评估准分子激光原位角膜磨镶术(PRK)后导致屈光不稳定和角膜 haze 形成的机制。
前瞻性、非随机、对照病例系列研究,自身对照。
纳入 17 例低度至中度近视(-2.88 至 -9.13 屈光度[D])患者的 17 只眼。
手术干预采用标准化的直径 6mm 的 PRK 手术,使用 Meditec MEL 60 准分子激光(德国赫罗尔德斯贝格的 Aesculap-Meditec 公司)。在手术前以及 PRK 术后 1、3、6、9 和 12 个月,使用共聚焦图像的快速连续 z 扫描(即通过聚焦的共聚焦显微镜检查[CMTF])评估光凝中心。
通过 CMTF 扫描的数字图像分析,同时获得上皮和基质厚度分析以及角膜光背散射的客观评估。在高分辨率的活体共聚焦图像上评估角膜再神经支配、前基质角膜细胞密度和伤口愈合形态特征。测量明显屈光不正,并通过裂隙灯生物显微镜检查对角膜清晰度进行分级。

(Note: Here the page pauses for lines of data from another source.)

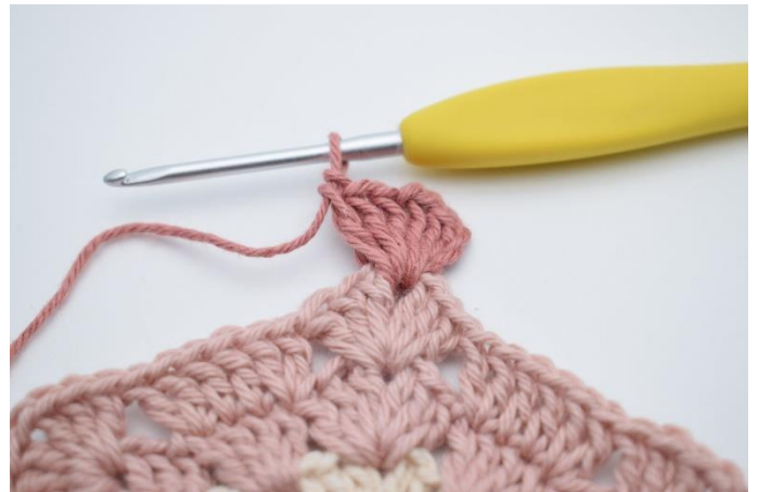
2. Zrób 3 oł. (zastępują 1 sł.). Szydełkuj 2 sł., 1 oł., 3 sł. w łuku.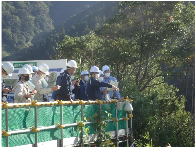
R3.10 熊本市首長・職員現地説明【14名】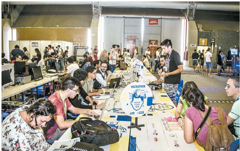
Maratona de programação oferece premiação total de R$ 6 mil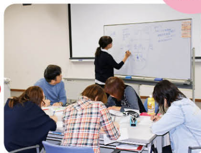
昨年度、研修会の様子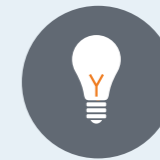
Publicité et communication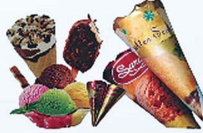
कोन आईसक्रीम, बटर स्कोव, चॉकलेट, वनीला, स्ट्रॉबेरी फ्लेवर्स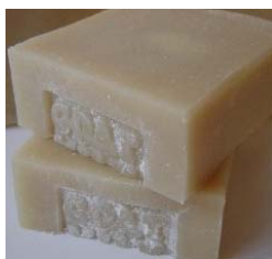
Goat's Milk & Honey (+/-100gr) 3,70€ Leite fresco de cabra, mel e cera de abelhas, óleo de palma, óleo de coco, manteiga de cacau. Adequado para Pele normais e seca

Naturais, puros, suaves e sem perfume, adequados para quem tem a pele mais sensível e para quem prefere os sabonetes com aromas neutros.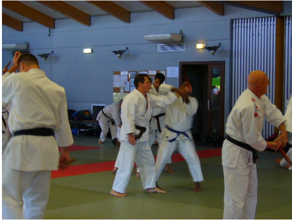
Alle waren mit Spaß und Eifer bei der Sache.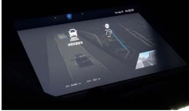
Çapraz görüntü göstergesi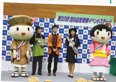
▲出展者によるプレゼンテーション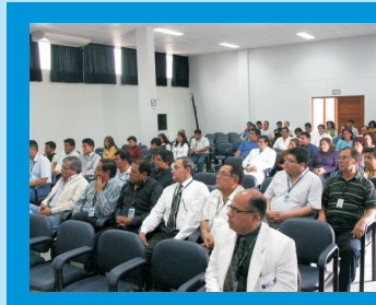
Los padres de familia de nuestra Institución presentes durante la Ceremonia dedicada a festejar esta significativa fecha por el Día del Padre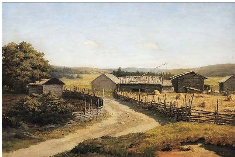
Летний день. 1890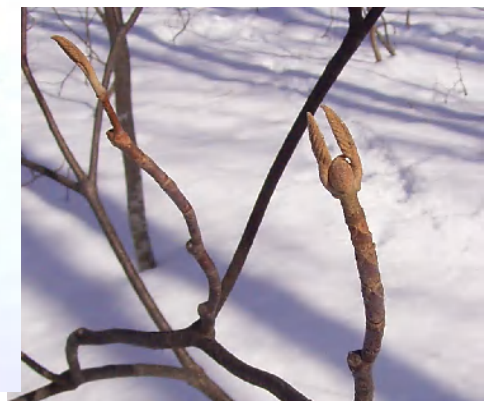
オオカメノキには、かわいいウサギさん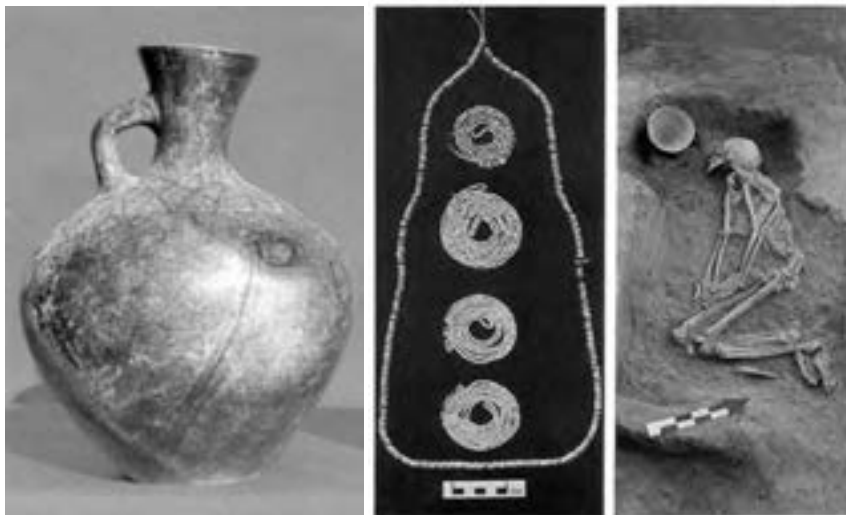
شکل ۱-۱۰ تعدادی از آثار کشف شده از محوطه ازبکی

محوطه ازبکی: این محوطه در غرب شهر نظرآباد واقع شده که آثار به دست آمده از آن مربوط به هزاره هفتم قبل از میلاد است. این محوطه شامل مجموعه‌ای از تپه‌های باستانی است که در حال حاضر شش تپه از آن به نام‌های یان تپه، جیران تپه، دوشان تپه، مارال تپه، گوموش تپه و تپه اصلی ازبکی است. تپه

PRK 术后 1 个月上皮厚度平均为 45±10μm,3 个月时为 50±8μm,12 个月时为 52±6μm,而手术前为 51±4μm,表明术前厚度完全恢复且无代偿性增生。有趣的是,上皮再增厚与屈光回退无显著相关性。相比之下,基质再生(1 - 12 个月)平均为 6±12μm(范围为 27μm 变薄至 22μm 再增厚),且与平均为 0.84±1.23D 的屈光变化密切相关(r = 0.84,P<0.001),屈光变化范围为 -1.63D(远视偏移)至 +3.38D(近视回退)。基质再增厚与实际光凝深度成比例增加(r = 0.63,P<0.01);线性回归分析表明整个研究组的平均年再生率为 8%。随着时间推移,基质再增厚与 CMTF haze 形成无关,这表明 haze 和回退是由两种独立的伤口愈合机制引起的。与这些发现一致,所有“有 haze”的角膜均显示前基质伤口愈合角膜细胞数量增加,细胞核和细胞体的反射率均增加,这表明与细胞外基质沉积相反,基于细胞的反射是 PRK 后角膜光散射增加的主要来源。
综上所述,这些数据表明,在接受直径 6mm 的 PRK 治疗的人类中,角膜细胞介导的光凝基质再生似乎是近视回退的主要原因,而远视偏移似乎是基质变薄的直接后果。相比之下,角膜上皮似乎恢复到术前厚度,且对 PRK 后的屈光变化无显著影响。最后,本研究还提供了有力证据,表明 PRK 后 haze 的形成与大量伤口愈合角膜细胞的细胞反射率增加直接相关。